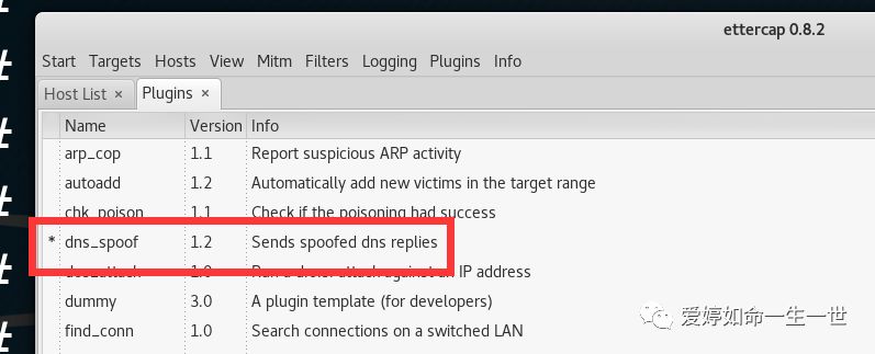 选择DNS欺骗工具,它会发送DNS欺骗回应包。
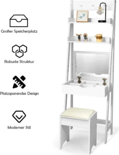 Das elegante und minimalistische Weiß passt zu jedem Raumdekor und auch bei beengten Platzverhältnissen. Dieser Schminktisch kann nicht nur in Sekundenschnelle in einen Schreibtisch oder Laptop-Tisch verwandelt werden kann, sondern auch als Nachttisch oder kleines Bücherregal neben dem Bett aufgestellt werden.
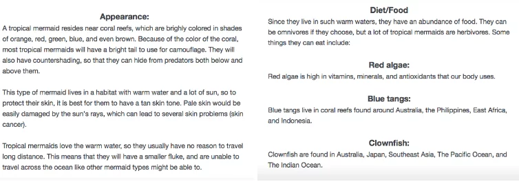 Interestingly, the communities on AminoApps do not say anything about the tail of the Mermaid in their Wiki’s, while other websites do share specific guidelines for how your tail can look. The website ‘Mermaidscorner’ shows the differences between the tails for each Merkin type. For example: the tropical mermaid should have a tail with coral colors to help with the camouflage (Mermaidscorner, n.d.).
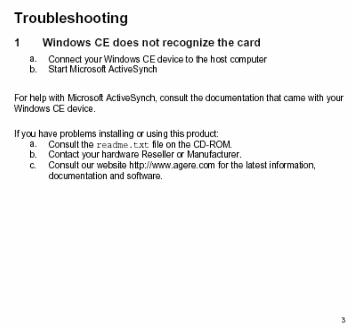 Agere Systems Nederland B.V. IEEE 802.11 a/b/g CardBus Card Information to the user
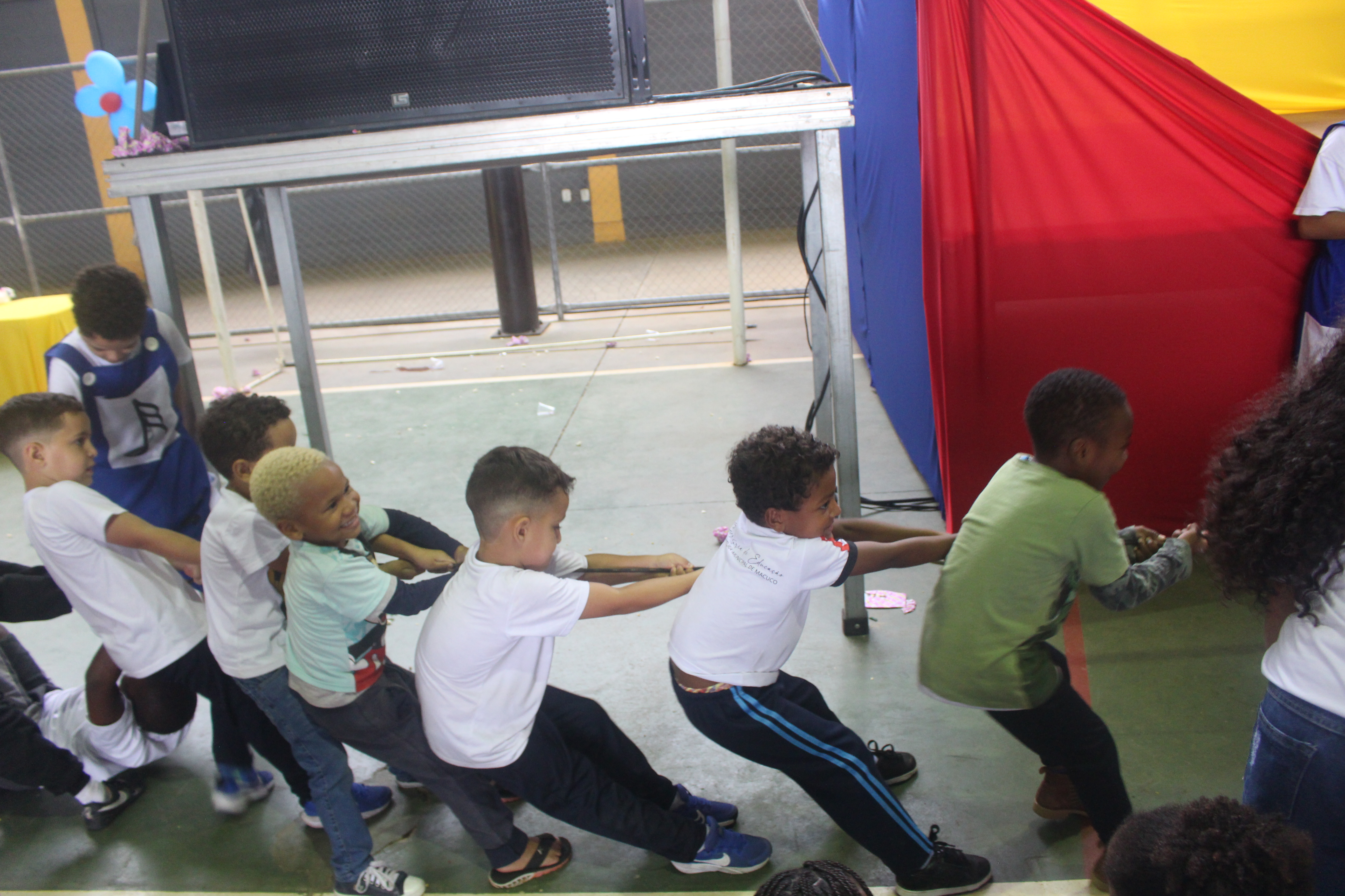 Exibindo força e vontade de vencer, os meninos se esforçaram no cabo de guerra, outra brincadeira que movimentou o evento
---*---
REQUIREMENT »
Begin at the top of the records above and retype each line exactly until the line containing "Interestingly, the communities", which is included. Skip all pictures.

ANSWER SPACE »
 选择DNS欺骗工具,它会发送DNS欺骗回应包。
 Das elegante und minimalistische Weiß passt zu jedem Raumdekor und auch bei beengten Platzverhältnissen. Dieser Schminktisch kann nicht nur in Sekundenschnelle in einen Schreibtisch oder Laptop-Tisch verwandelt werden kann, sondern auch als Nachttisch oder kleines Bücherregal neben dem Bett aufgestellt werden.
 Interestingly, the communities on AminoApps do not say anything about the tail of the Mermaid in their Wiki’s, while other websites do share specific guidelines for how your tail can look. The website ‘Mermaidscorner’ shows the differences between the tails for each Merkin type. For example: the tropical mermaid should have a tail with coral colors to help with the camouflage (Mermaidscorner, n.d.).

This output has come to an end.